How Are Neutron Stars Weighed?
One of the few ways to weigh neutron stars is finding black widow pulsars in which the companion is small, but not too small to detect. In the case of the binary system considered in the study, the companion star is now only 20 times the mass of Jupiter, and is distorted by the mass of the neutron star and tidally locked. Tidal locking is the phenomenon by which an astronomical object has the same rotational period as its orbital period around a partner. Since the Moon rotates in exactly the same time as it takes to orbit Earth, it is said to be tidally locked. We see only one side of the Moon because it is locked in orbit.

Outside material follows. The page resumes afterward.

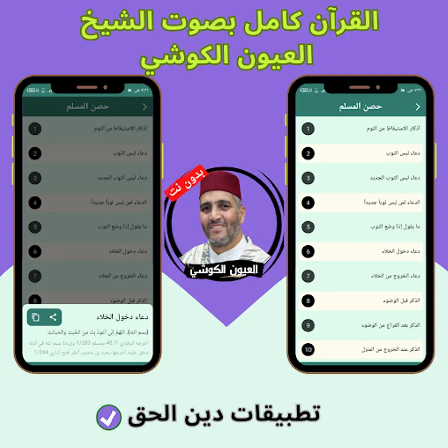 Now you can use the application with ease and listen to the surahs of the Noble Qur’an with the voice of Sheikh Al-Ayoun Al-Kushi, and live a wonderful state of faith in which you delve deeper into the meanings of the Noble Qur’an. Enjoying the voice of Sheikh Al-Ayoun Al-Kushi, who transports you to another world with his distinctive voice.

According to the study, the neutron star-facing side of the companion star is heated to temperatures of about 6,200 Kelvin, or 5727 degrees Celsius, a bit hotter than the Sun. The companion star is bright enough to be clearly seen with a large telescope.
Black Widow Systems Can Have Redbacks And Tidarrens
Over the last four years, Filippenko and Romani used the Keck I telescope to observe the black widow system on six occasions. They observed the black widow system using the Low Resolution Imaging Spectrometer in 15-minute chunks to catch the faint companion at specific points in its 6.4-hour orbit of the pulsar.

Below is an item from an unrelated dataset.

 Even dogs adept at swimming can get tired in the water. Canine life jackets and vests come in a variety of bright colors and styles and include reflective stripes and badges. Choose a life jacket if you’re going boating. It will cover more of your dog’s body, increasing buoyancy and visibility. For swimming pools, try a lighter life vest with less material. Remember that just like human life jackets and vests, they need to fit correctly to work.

The astronomers compared the spectra of the companion star to that of similar Sun-like stars. This helped them measure the orbital velocity of the companion star and calculate the mass of the neutron star.
According to the University of California Berkeley, Filippenko and Romani have examined about a dozen black widow systems so far. Of these, only six black widow systems had companion stars bright enough to let them calculate a mass. The neutron stars in these systems are less massive than the pulsar PSR J0952-060.
The astronomers aim to study more black widow pulsars, and their cousins, called redbacks. These have companions closer to one-tenth the mass of the Sun. The redback spider is also known as the Australian black widow.
There are some black widow systems in which the companion star is around one-hundredth of a solar mass. Romani calls these stars tidarrens, after a relative of the black widow spider. The male tidarren is about one per cent of the female's size.
Filippenko said that they can keep looking for black widows and similar neutron stars that skate even closer to the black hole brink, but if they don't find any, it tightens the argument that 2.3 solar masses is the true limit, beyond which they become black holes.